Я видел, что душу его терзают смутные сомнения. С одной стороны, неопрятный вид еще не повод для задержания, тем более что я был вынут из собственной машины — в каком виде хочу, в таком и езжу. С другой — следы чрезмерного усердия в работе на лице и некоторые подозрительные детали одежды, как-то: пятна крови на рубашке, порванные брюки, комья глины на обуви… — словом, отпусти такого, а потом окажется, что он зарубил топором двух старушек процентщиц. Я его понимал. Но уж кому, как не мне, побывавшему в его шкуре, было знать, как себя вести.
— Время, капитан! Утро красит нежным светом, а я еще небрит, немыт и — вот вам крест! — со вчерашнего дня ничего не ел.
— Савельев! — обратился капитан к менту, сделавшему карьеру от стукачей до рядового буквально за последние десять лет. — Проводи задержанного в КПЗ!
Мятый, как лист туалетной бумаги перед непосредственным употреблением, мент нехотя встал.

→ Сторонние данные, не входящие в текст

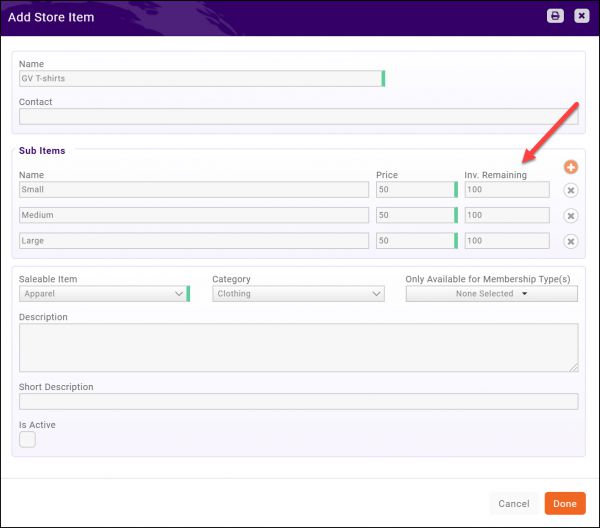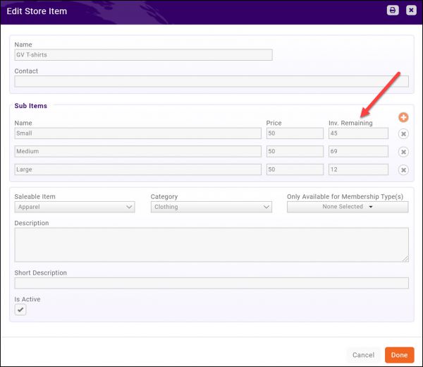 For store items that do not included sub items, you can view inventory remaining for those products, within the Store module, on the Products tab. For store items that include sub items (ie. size, color, etc.), you can view remaining inventory by clicking the hyper-link for the store item from the Products tab.

— Два «б»! — угадал напоследок.
— Ранен, — ответил напарник.
Не забыв захватить с собой секретную карту с расположением кораблей флотилии, он вразвалочку подошел ко мне.
— Пошли, — зевнул, доставая из кармана тяжелую связку ключей, словно уже дослужился до тюремного надзирателя.
— После того как составим протоколы, — видимо, капитан все-таки еще не протрезвел после праздника города. Упреждая его расспросы о порядке задержания, я голосом Генерального прокурора напомнил: — Допроса. Изъятия. Предварительного медицинского освидетельствования. И не забудьте зафиксировать, что я не оказывал сопротивления при задержании. Если вы все-таки выясните, что оно было произведено без малейшего на то основания, я хочу иметь копию на руках, чтобы завтра представить вам иск за сорванный контракт с клиентом.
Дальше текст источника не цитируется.